На стоянке Петер Бервиц приветствовал конкурента своих предков со всей величественностью эмира белых коней. Господин Вольшлегер тотчас предложил ему перейти на ты. Агнесса и Елена, извинившись, удалились на кухню, а Вашек поспешил к клеткам, чтобы приготовить корм для своих питомцев. Петер с гостем направились к конюшие. Как только Бервиц откинул полог палатки, изнутри донеслось удивленное:
– Боже! Господин Вольшлегер! Возможно ли это? Маэстро… Маэстро!
Конюх Ганс, белый как лунь, бросился навстречу гостю с простертыми руками и сияющим лицом. Господин Вольшлегер остановился, внимательно посмотрел на старика, силясь что-то вспомнить, и вдруг произнес:
– Ганс! Я не ошибаюсь? Ганс! Как поживаешь, старина? Да ты еще при деле… Рад, что узнал меня.
– Как не узнать, – от волнения конюх начал даже заикаться, – разве ж я мог забыть господина Вольшлегера – ведь я столько лет прослужил у вас! Маэстро приметил меня… обучил… Ввек не забуду… Какая честь для нашей конюшни! Такой гость! А я не захватил красного жилета…
Господин Вольшлегер похлопал Ганса по плечу, сказал, что это не столь важно, и двинулся дальше – его манил запах конюшни. Когда он увидел длинную вереницу лошадей, глаза его зажглись. С уверенностью знатока направился он к лучшим экземплярам. Бервиц горделиво выпятил грудь: внимание Вольшлегера привлекли именно те кони, которых и сам Бервиц ценил больше всего. Даже по лошадям было заметно, что в конюшню вошел гроссмейстер. Вольшлегер щелкнул языком, крикнул – и беспокойные жеребцы тотчас насторожились. Их искрометные глаза пристально следили за маленькой фигуркой, и, когда старый дрессировщик подходил ближе, лошади не шарахались, не пугались. Он запускал пальцы в их гривы, похлопывал по шее, гладил по морде, осматривал зубы – и даже самые дикие кони терпеливо сносили прикосновение его твердой, властной руки. Останавливаясь возле животного, господин Вольшлегер интересовался кличкой и ласково повторял ее по нескольку раз. Когда же он направлялся дальше, жеребцы поворачивали вслед ему красивые головы на круто изогнутых шеях и тихонько ржали.
Ужин был роскошный. Агнесса блеснула своими кулинарными способностями, своим гостеприимством. К удовольствию хозяйки, гость сполна оценил ее изобретательность. Разговор, как и всегда при встречах цирковых артистов, вертелся вокруг общих знакомых, городов и животных. Господин Вольшлегер оказался превосходным рассказчиком и всех очаровал – особенно госпожу Гаммершмидт – своей изысканной галантностью. Но, о чем бы он ни говорил, едва ли не в каждом его слове сквозило меланхолическое сожаление, что звезда цирка закатывается.

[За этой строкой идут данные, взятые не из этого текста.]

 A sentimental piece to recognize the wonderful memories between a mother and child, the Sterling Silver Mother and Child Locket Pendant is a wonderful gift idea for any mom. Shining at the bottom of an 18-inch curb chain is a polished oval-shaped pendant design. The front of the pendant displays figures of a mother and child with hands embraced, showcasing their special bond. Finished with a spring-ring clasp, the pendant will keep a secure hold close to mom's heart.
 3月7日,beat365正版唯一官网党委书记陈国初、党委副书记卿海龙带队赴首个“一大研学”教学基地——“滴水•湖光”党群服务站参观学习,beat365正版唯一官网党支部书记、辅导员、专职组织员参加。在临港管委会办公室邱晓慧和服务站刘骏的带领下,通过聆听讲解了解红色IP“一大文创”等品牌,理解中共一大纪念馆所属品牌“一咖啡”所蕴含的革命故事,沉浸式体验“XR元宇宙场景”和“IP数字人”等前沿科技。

– Я вовсе не хочу быть похожим на брюзгливого почитателя добрых старых времен. Очень грустно, когда приходится восклицать вместе с Горацием: «Постум, о Постум, скорблю я, годы прошли быстротечно!» Я предпочел бы рассеять свою грусть, убедившись в благополучном росте новых сил. Мой поэт говорит, что краткость жизни нашей не позволяет загадывать далеко вперед; тем не менее я питал когда-то надежду à la longue[136]136
На будущее (франц.).
[Закрыть], ибо верил в юное поколение. Теперь же, когда я стал очень, очень стар, я вижу: вместе с великими наездниками-универсалами умирают и их достижения. Новые люди механически воспроизводят то, чему их научили, топчась, по сути дела, на одном месте. Я прыгал сквозь горящий обруч диаметром всего лишь в двадцать два дюйма. Нынче никому и в голову не придет преодолевать столь трудные препятствия. Крутя сальто на скачущей лошади, я надевал в воздухе туфли. Теперь подобных трюков нет и в помине. Зато всячески раздувают программу. Я видел у вас слонов, львов, тигров, медведей. Скоро появятся страусы, верблюды, жирафы, а то еще и моржи с тюленями или кенгуру с мешком на брюхе. Все больше, больше, все время что-то другое, все новые приманки для публики, а вот способность видеть в любой позе лошади возвышенную красоту утрачивается. Вымирает дворянство, вымирают наездники, вымирает зритель, понимающий толк в цирке. Остается лишь толпа, которую нужно загнать в шапито и довести до исступления. Нелегкая задача!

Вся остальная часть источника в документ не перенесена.